Even within the smallest and most specialised of companies, decision making can be complex.
- Few individual buyers have total power to make decisions in isolation. They are generally limited by budget parameters and certain economic incentives, and often have to consult with multiple other stakeholders to win consensus, gain permission, and drive to conclusion
- The products (or services) that TargetCo provides are probably just one of many different spend categories for which our buyers have responsibility – and those other categories may be of more or less importance
In today’s ultra-compressed deal timeframes, it’s understandably tempting (and many times necessary) to take short cuts to get diligence completed within the too few available days.
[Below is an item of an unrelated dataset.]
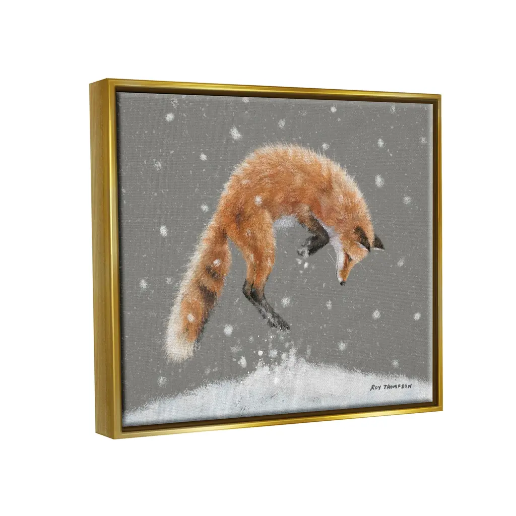 Elevate your home or office to the next level with Stupell Framed Floating Canvas Wall Art. Our premium hand-stretched canvas is mounted securely into a sturdy lightweight frame. The museum-style gap between the wrapped canvas and the box frame gives the illusion of floating artwork. Stupell Wall Art is made in the USA.Features: Dimensions: 21 x 1.7 x 17 Frame, 20 x 1.5 x 16 Canvas ArtFloating Frame Sizes Include Standard: 21 x 1.7 x 17 Oversized: 31 x 1.7 x 25Wall Art is Ready to Hang - No Installation or Hardware Needed. For Easy Set Up Lean or Layer Artwork on Shelf or Against Wall.Our elevated 1.7" Thick Floating Frame is the perfect complement to our canvas style Wall Art. We use only the highest quality inks in house with industry leading printing solutions. Canvas is hand stretched over a durable wood foundation and then mounted securly into a Modern Box Frame. Made in the USA.Artwork Relates To: Animal, Fox, Mammal, Wildlife, Canine, Nature, Snow, WinterDesign by Roy Thompson

Gaining a detailed understanding of the customers' workflow might seem like a lower priority issue than just nailing down quantitative measures like NPS.
To help quickly get a handle on these issues, we like to place TargetCo’s business on a simple matrix- the Power/Value grid.
Understanding the current position of the TargetCo on the Power/Value Grid can help inform the go/no-go decision and valuation. In addition, understanding how things are changing (and what we can do to drive change) can make you a more effective owner of the asset and can inform value gen. strategies which other potential buyers might have missed. For example:
- What can we do to shorten the current sales cycle and increase turnover/order throughput?
- What type of selling skills does the business need and can we grow the business by expanding the size and skill base of the sales force?
- What is the true opportunity for bundling and cross-selling – what else is our customer buying, and can we provide it for them?
- What is the likely resilience of spend in the event of cut backs – which other categories are we competing with for our share of budget?
- How can we re-position our value prop so as to better align with customer priorities?
- How is the perceived value of our product changing over time, and what can we do to pre-empt and mitigate any negative trends?
- Can we find ways to equip our buyers to overcome roadblocks from colleagues (for example, by presenting a clearer financial business case)?
We hope that you find the grid helpful in stimulating thoughts on finding new value opportunities in your next deal. Happy deal making!